:: WORK TASK ::
Pictures appear among the records below and must be omitted. Repeat exactly the lines from the line with "Ingredients: Aqua, Glycerin, Paraffinum" to the line with "由航空飛機(jī)模型為創(chuàng", both included.

:: SUPPLIED INFORMATION ::
:::::

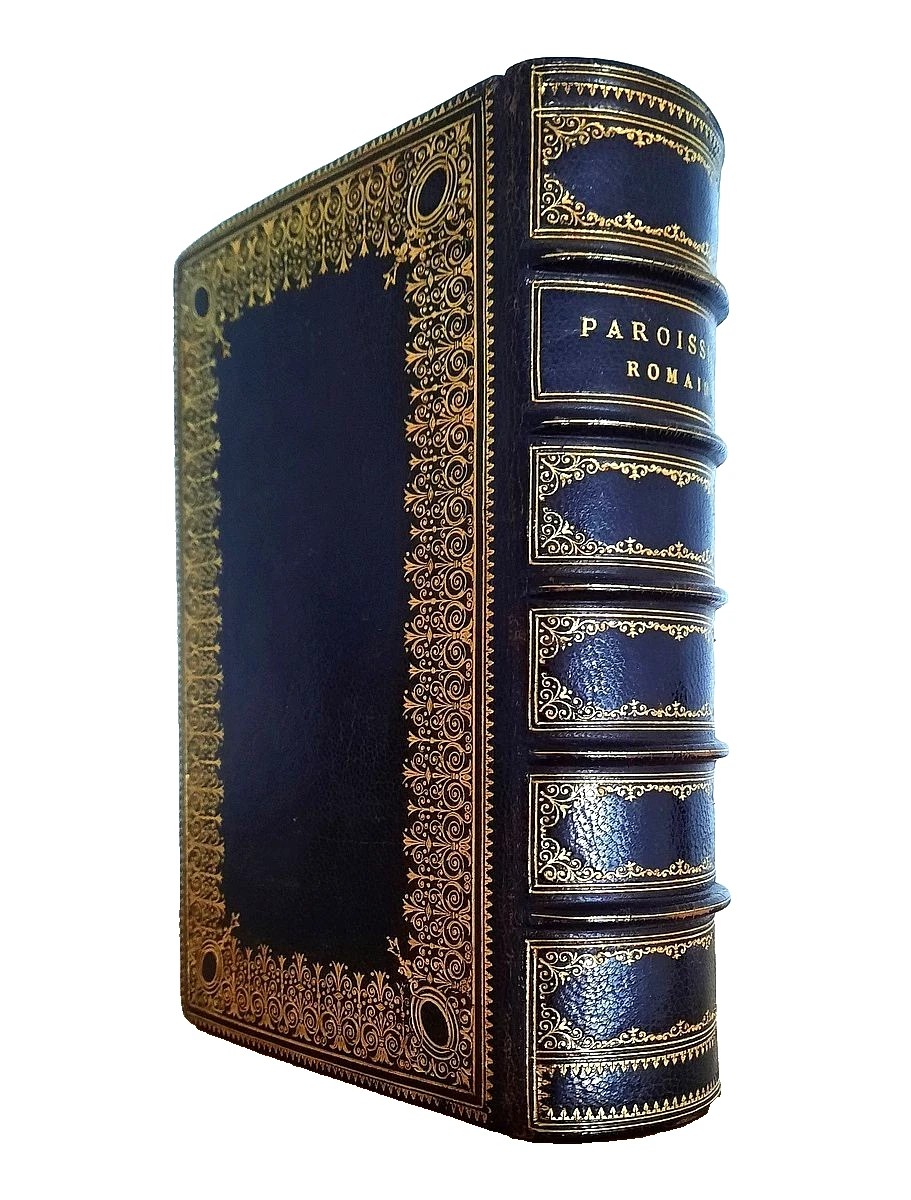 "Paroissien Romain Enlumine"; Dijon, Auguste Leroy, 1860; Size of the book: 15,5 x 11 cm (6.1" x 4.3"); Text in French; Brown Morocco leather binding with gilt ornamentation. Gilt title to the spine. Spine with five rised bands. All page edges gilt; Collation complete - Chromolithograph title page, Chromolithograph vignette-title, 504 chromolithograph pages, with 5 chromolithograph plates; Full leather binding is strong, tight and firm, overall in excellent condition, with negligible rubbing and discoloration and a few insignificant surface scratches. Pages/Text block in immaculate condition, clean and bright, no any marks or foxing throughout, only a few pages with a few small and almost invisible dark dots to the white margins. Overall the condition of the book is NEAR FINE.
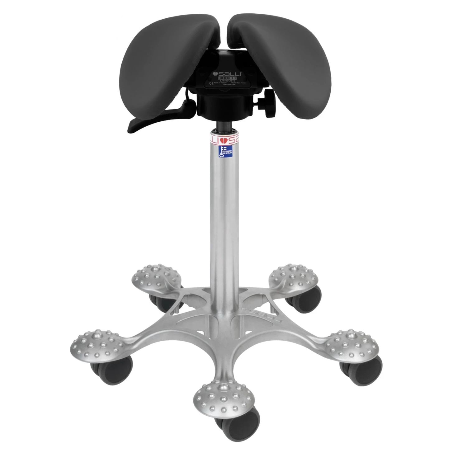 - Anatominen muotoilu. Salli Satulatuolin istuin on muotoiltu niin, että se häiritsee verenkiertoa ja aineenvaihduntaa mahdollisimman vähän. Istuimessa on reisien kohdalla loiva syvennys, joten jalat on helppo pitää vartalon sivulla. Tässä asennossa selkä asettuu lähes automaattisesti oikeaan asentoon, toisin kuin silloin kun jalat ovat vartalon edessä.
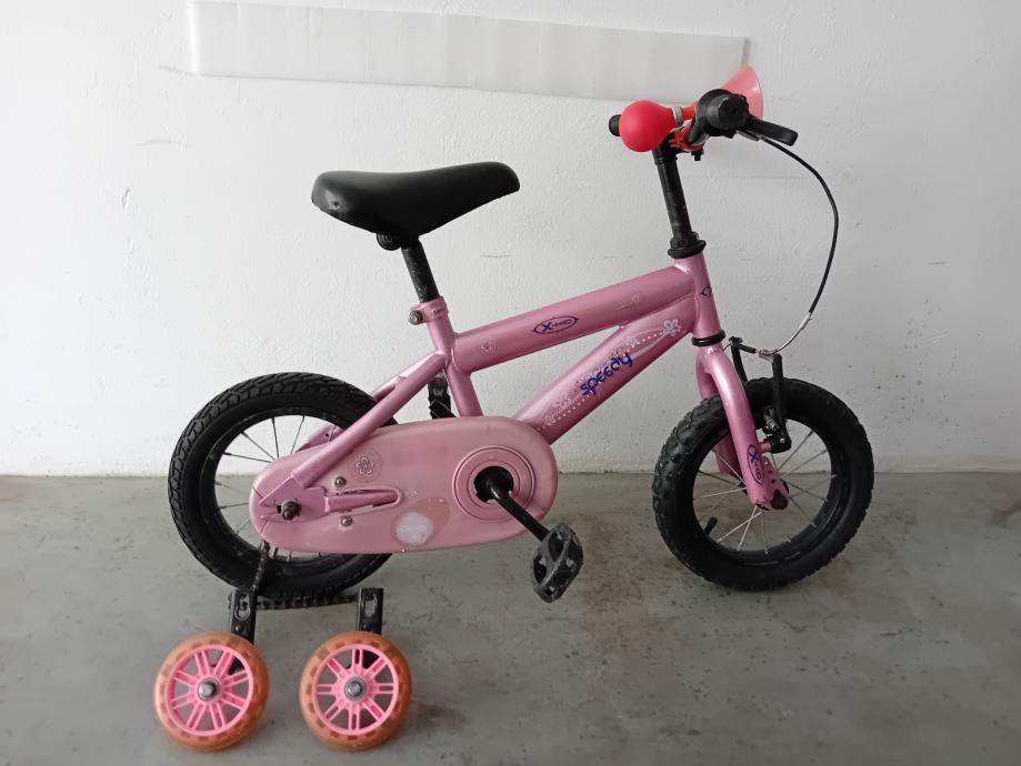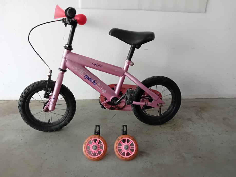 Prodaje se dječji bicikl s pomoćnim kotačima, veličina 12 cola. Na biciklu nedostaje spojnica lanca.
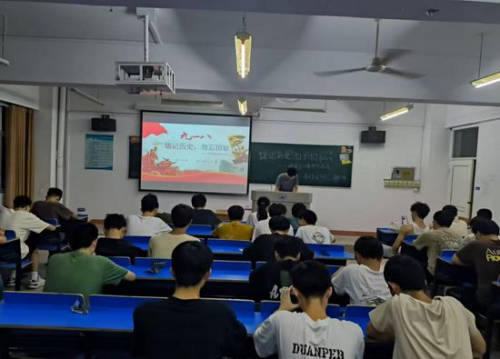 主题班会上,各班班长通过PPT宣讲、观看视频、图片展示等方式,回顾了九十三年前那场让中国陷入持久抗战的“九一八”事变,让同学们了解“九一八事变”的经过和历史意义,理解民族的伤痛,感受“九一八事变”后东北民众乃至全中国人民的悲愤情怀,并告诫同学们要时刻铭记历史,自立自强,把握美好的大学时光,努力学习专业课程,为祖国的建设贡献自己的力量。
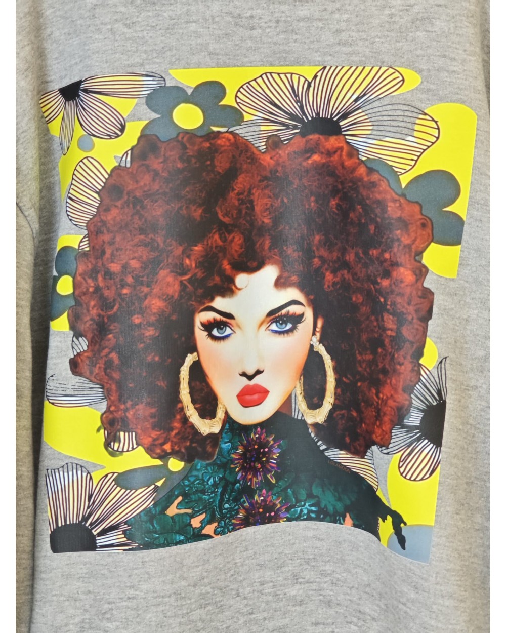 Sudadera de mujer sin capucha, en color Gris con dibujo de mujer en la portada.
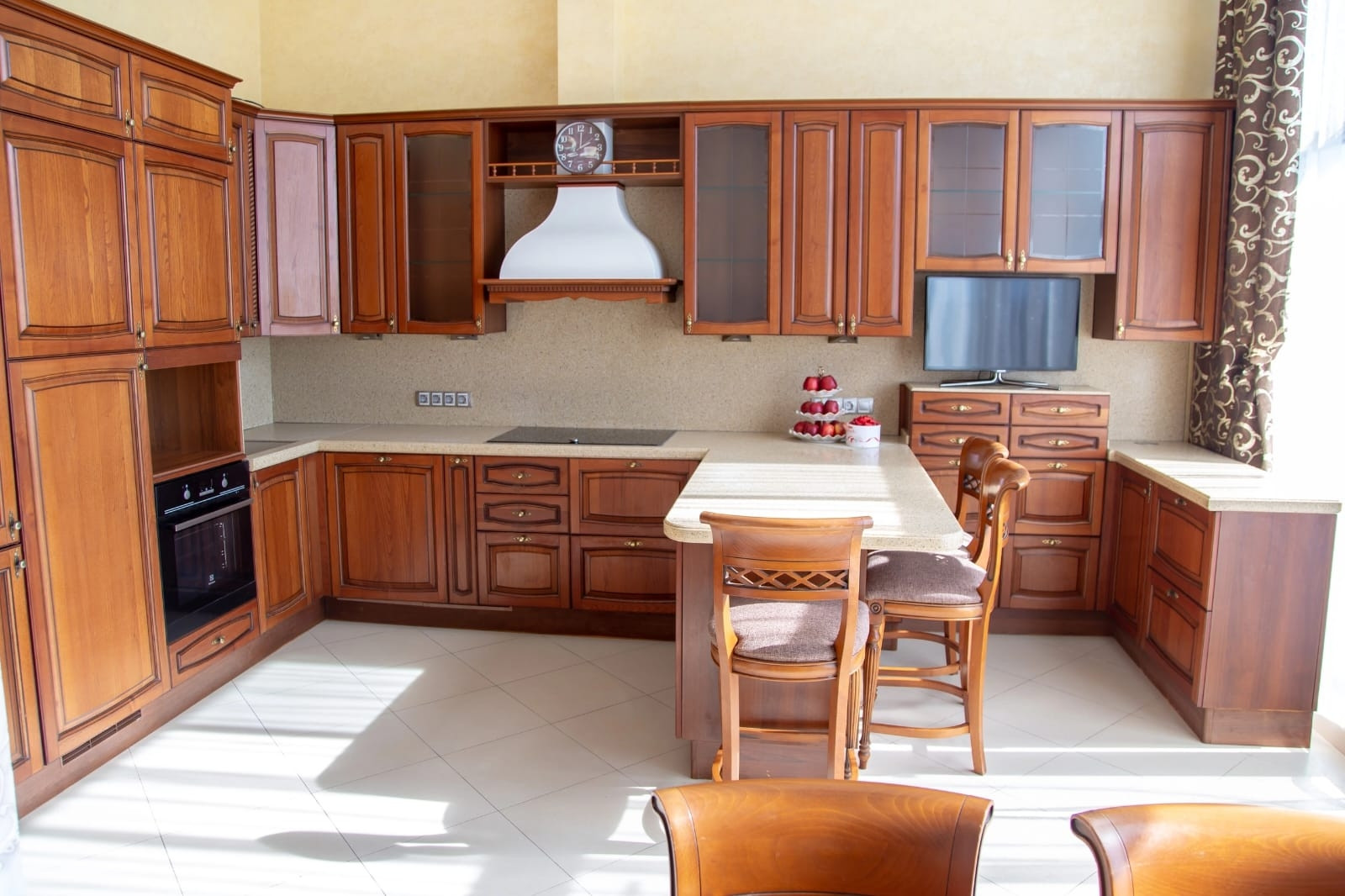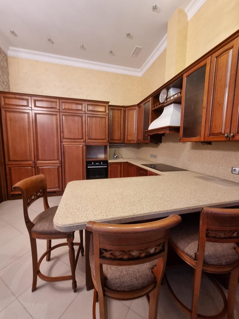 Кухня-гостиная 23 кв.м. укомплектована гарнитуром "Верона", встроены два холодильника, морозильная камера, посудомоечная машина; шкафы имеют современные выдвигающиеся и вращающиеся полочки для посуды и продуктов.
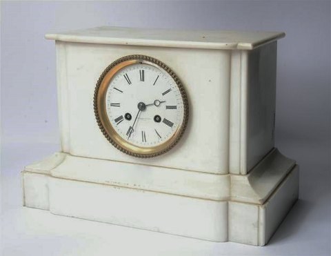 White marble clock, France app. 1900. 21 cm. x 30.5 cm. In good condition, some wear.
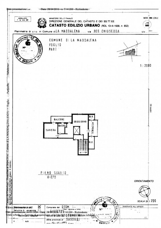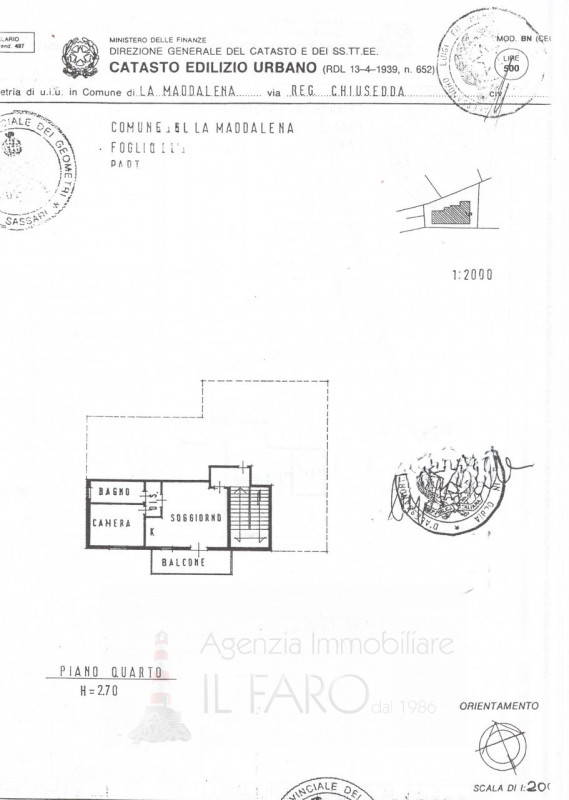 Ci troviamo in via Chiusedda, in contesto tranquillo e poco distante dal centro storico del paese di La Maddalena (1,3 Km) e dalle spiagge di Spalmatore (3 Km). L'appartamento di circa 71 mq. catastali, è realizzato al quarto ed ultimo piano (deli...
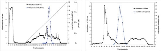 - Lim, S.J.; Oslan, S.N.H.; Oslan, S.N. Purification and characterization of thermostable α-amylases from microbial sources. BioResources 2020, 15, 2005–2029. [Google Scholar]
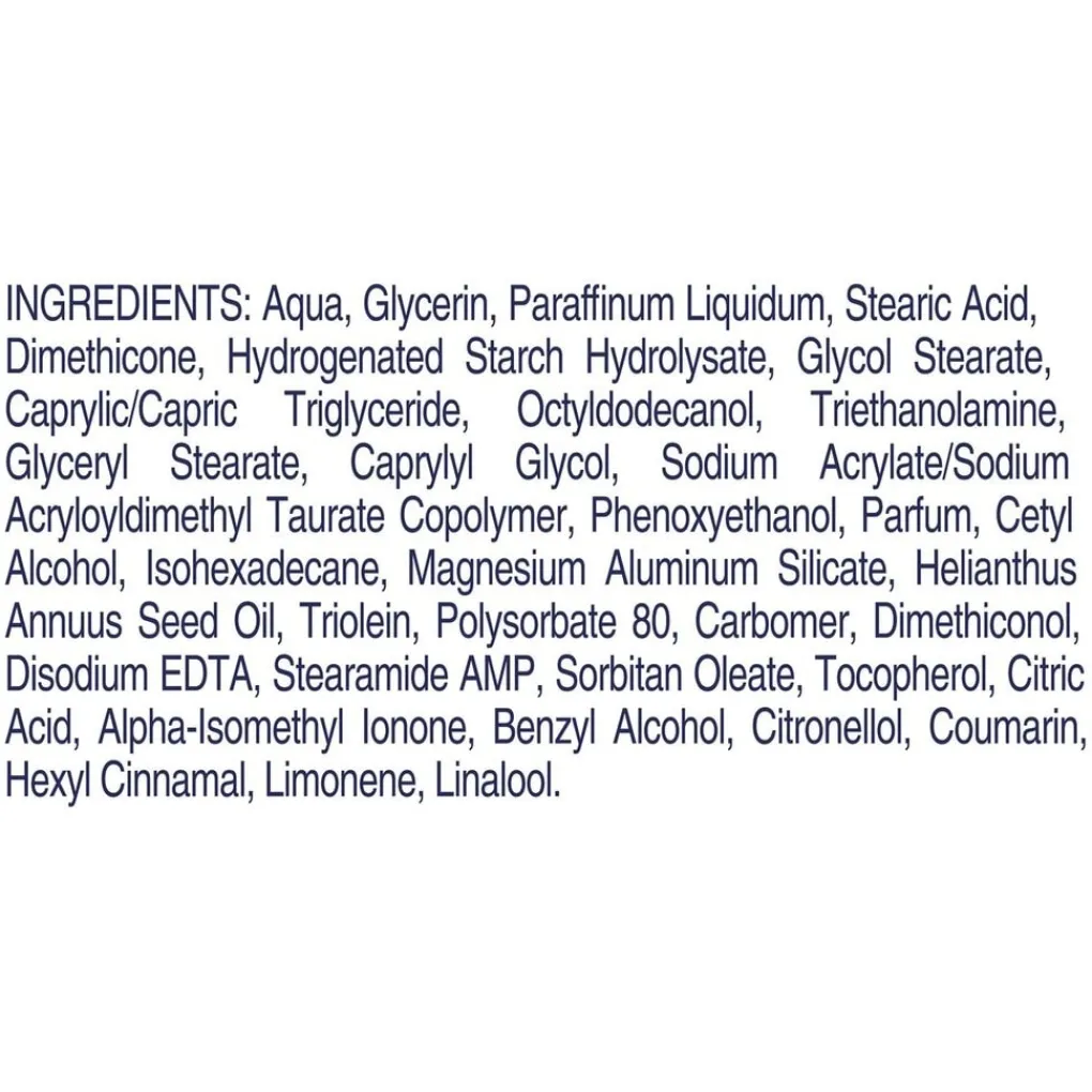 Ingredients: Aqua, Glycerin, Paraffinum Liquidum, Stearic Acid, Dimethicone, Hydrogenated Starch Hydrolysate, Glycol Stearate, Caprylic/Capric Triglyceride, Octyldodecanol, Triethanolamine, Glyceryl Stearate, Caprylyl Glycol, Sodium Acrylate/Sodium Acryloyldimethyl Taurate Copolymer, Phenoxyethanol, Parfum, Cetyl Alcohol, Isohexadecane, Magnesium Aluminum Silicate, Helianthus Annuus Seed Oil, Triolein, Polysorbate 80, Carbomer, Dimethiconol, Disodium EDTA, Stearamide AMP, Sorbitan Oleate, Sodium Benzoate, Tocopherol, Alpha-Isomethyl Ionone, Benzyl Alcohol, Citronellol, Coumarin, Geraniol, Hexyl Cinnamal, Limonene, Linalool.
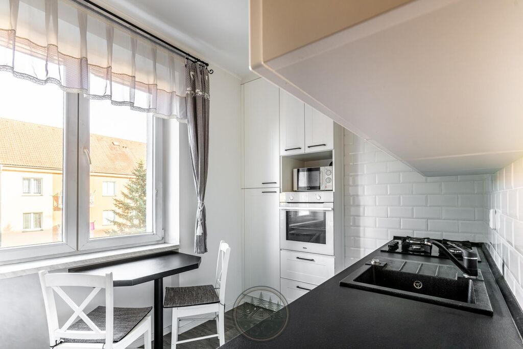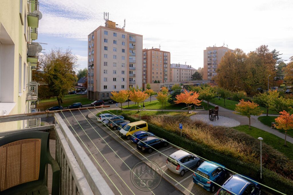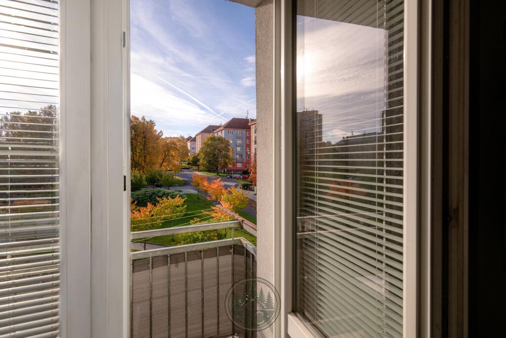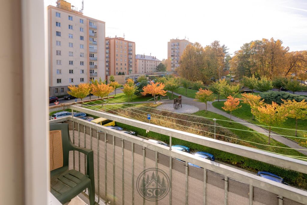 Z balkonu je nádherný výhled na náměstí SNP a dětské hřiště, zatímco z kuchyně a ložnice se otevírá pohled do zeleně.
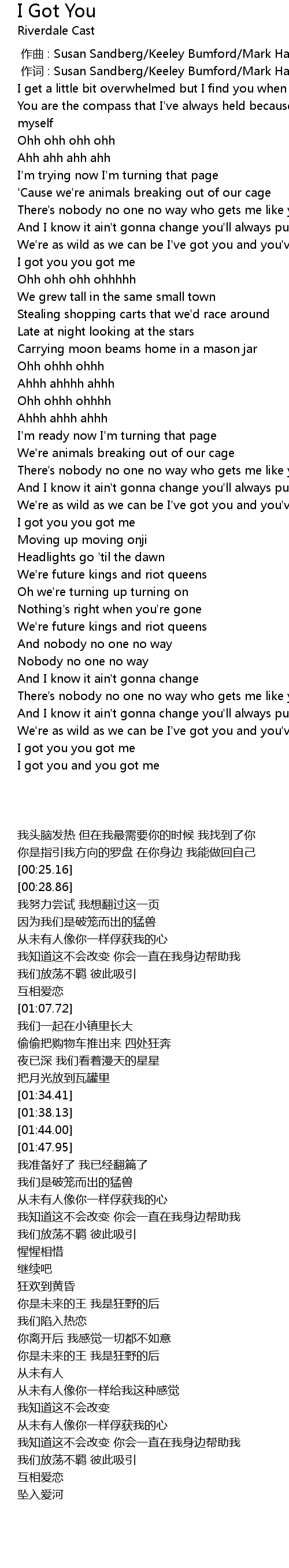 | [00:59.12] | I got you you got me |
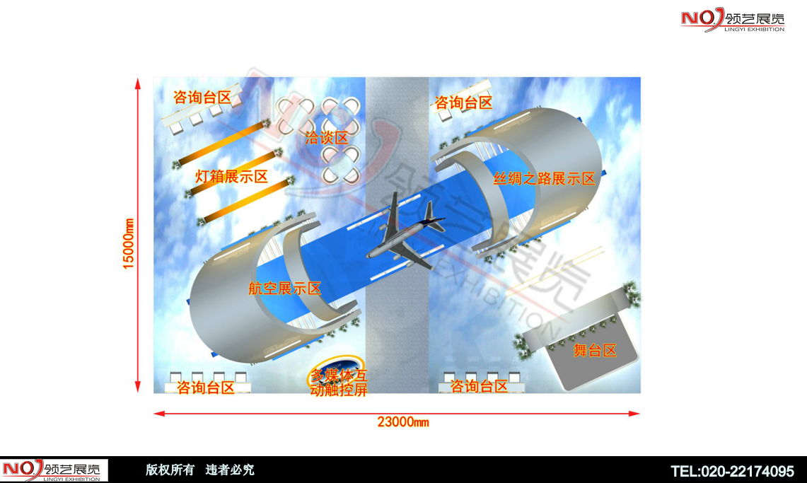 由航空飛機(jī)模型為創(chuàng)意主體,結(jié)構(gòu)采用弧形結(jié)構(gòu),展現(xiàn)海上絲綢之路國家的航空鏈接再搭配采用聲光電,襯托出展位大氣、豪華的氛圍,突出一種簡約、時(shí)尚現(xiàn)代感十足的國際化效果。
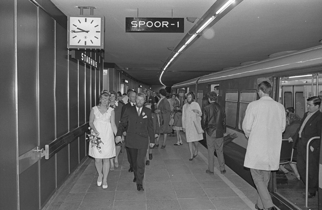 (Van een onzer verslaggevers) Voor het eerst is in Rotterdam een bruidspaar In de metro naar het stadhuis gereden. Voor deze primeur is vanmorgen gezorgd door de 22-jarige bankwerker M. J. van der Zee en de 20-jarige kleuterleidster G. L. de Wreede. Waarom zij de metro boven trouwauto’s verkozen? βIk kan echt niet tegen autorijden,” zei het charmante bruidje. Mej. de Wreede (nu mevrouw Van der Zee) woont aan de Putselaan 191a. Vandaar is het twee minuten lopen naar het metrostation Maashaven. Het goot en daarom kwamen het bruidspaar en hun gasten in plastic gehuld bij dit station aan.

:::::

:: ANSWER BELOW ::
 Ingredients: Aqua, Glycerin, Paraffinum Liquidum, Stearic Acid, Dimethicone, Hydrogenated Starch Hydrolysate, Glycol Stearate, Caprylic/Capric Triglyceride, Octyldodecanol, Triethanolamine, Glyceryl Stearate, Caprylyl Glycol, Sodium Acrylate/Sodium Acryloyldimethyl Taurate Copolymer, Phenoxyethanol, Parfum, Cetyl Alcohol, Isohexadecane, Magnesium Aluminum Silicate, Helianthus Annuus Seed Oil, Triolein, Polysorbate 80, Carbomer, Dimethiconol, Disodium EDTA, Stearamide AMP, Sorbitan Oleate, Sodium Benzoate, Tocopherol, Alpha-Isomethyl Ionone, Benzyl Alcohol, Citronellol, Coumarin, Geraniol, Hexyl Cinnamal, Limonene, Linalool.
 Z balkonu je nádherný výhled na náměstí SNP a dětské hřiště, zatímco z kuchyně a ložnice se otevírá pohled do zeleně.
 | [00:59.12] | I got you you got me |
 由航空飛機(jī)模型為創(chuàng)意主體,結(jié)構(gòu)采用弧形結(jié)構(gòu),展現(xiàn)海上絲綢之路國家的航空鏈接再搭配采用聲光電,襯托出展位大氣、豪華的氛圍,突出一種簡約、時(shí)尚現(xiàn)代感十足的國際化效果。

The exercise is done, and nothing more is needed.